Study Group on Asia-Pacific Tax Administration and Research


Information Sharing

Standardising bulk information sharing among tax authorities in an effort to combat tax evasion.


Offshore tax evasion is a serious problem for all jurisdictions, receiving heightened political attention since the onset of the global financial crisis. More recently, international leaders have focussed on automatic exchange of tax information as a key opportunity to close avenues for offshore tax evasion. Automatic information exchange enables tax administrations to detect and address evasion in cases where there had been no previous indication or evidence of non-compliance.

Following the G20 Leaders’ endorsement of automatic exchange as the new global standard, in February 2014 G20 Finance Ministers and Central Bank Governors endorsed the OECD Common Reporting Standard (CRS) as the global model for automatic exchange. The CRS would see the exchange of information on financial accounts (comprehensive investment income and account balances) held by foreign tax residents in a wide range of reporting financial institutions. The information would be exchanged on an automatic and yearly basis using common technical solutions and data safeguarding and confidentiality standards.

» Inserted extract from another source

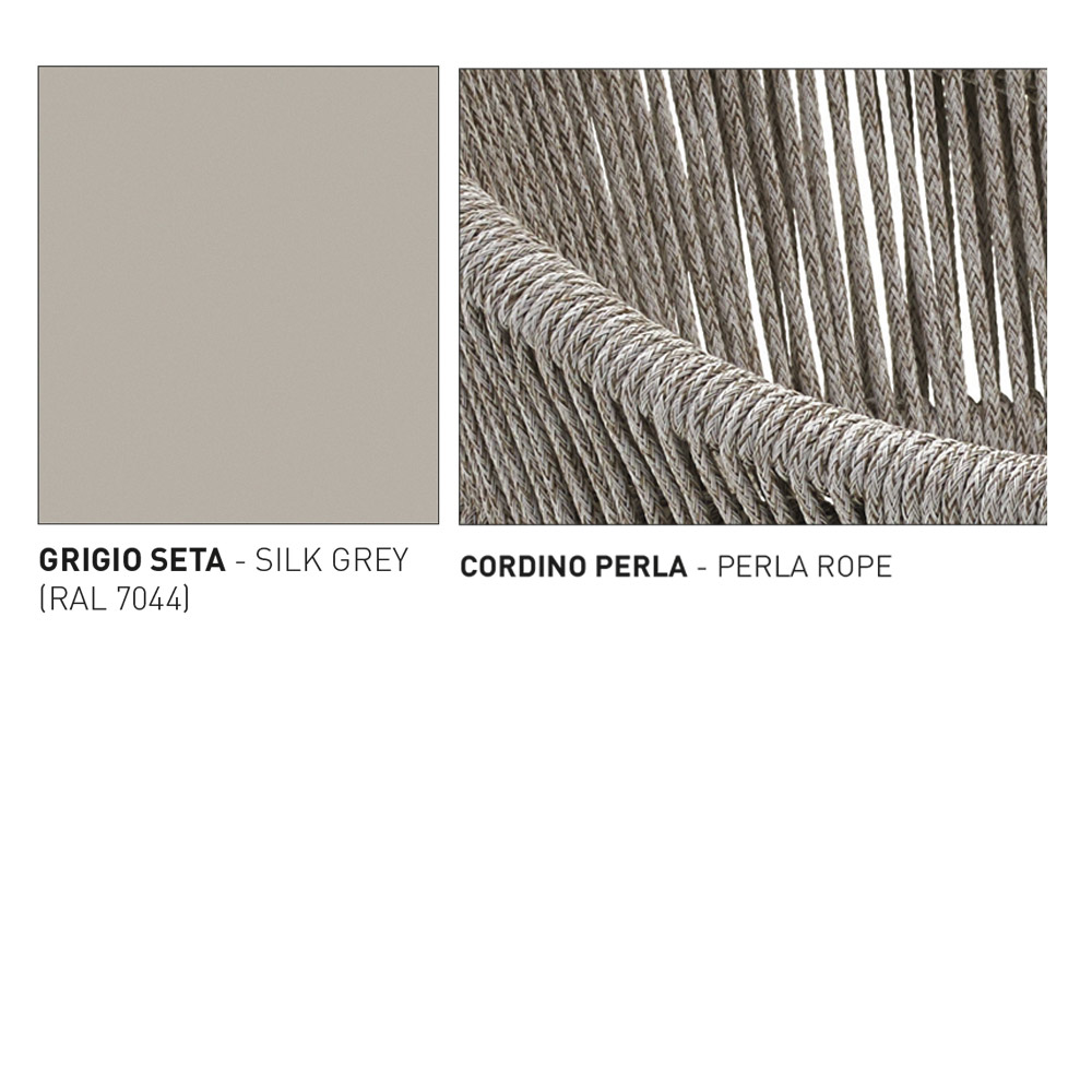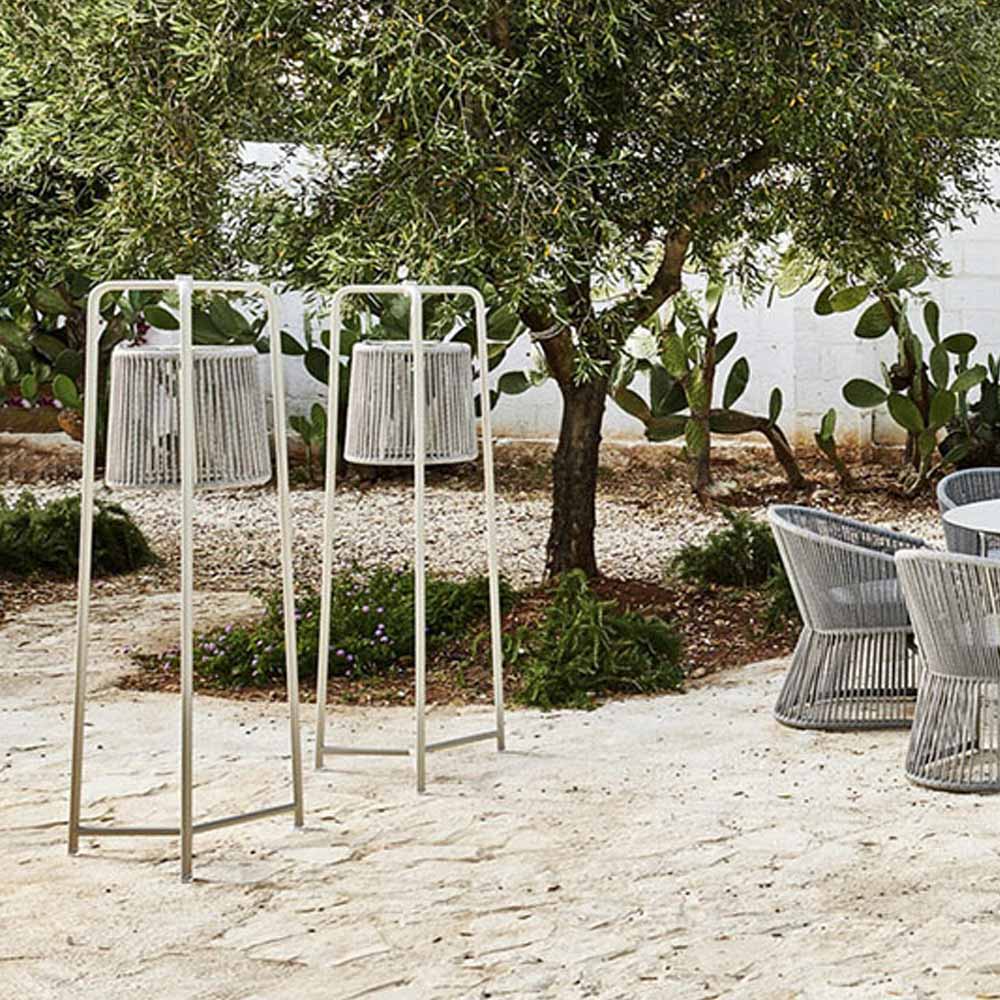 Trädgårdslampa helt tillverkad i Italien med pulverlackerad aluminiumstruktur i sidengrå finish och en handgjord väv i pärlfärgad syntetfiber komplett med LED-ljus . De underbara ytskikten som föreslås är idealiska för att skapa en suggestiv atmosfär och för att framhäva vissa delar av huset, revolutionera utseendet på den omgivande miljön och berika dess estetik.

Global adoption of the CRS is expected to substantially increase the exchange of bulk data between jurisdictions. It raises a number of questions as to how the data might be utilised for compliance purposes and international collaborative efforts, and, more broadly, improving tax authorities’ business practices.

SGATAR members discuss how they currently manage bulk data and their potential readiness for multilateral exchange, and bulk data analysis, through the CRS.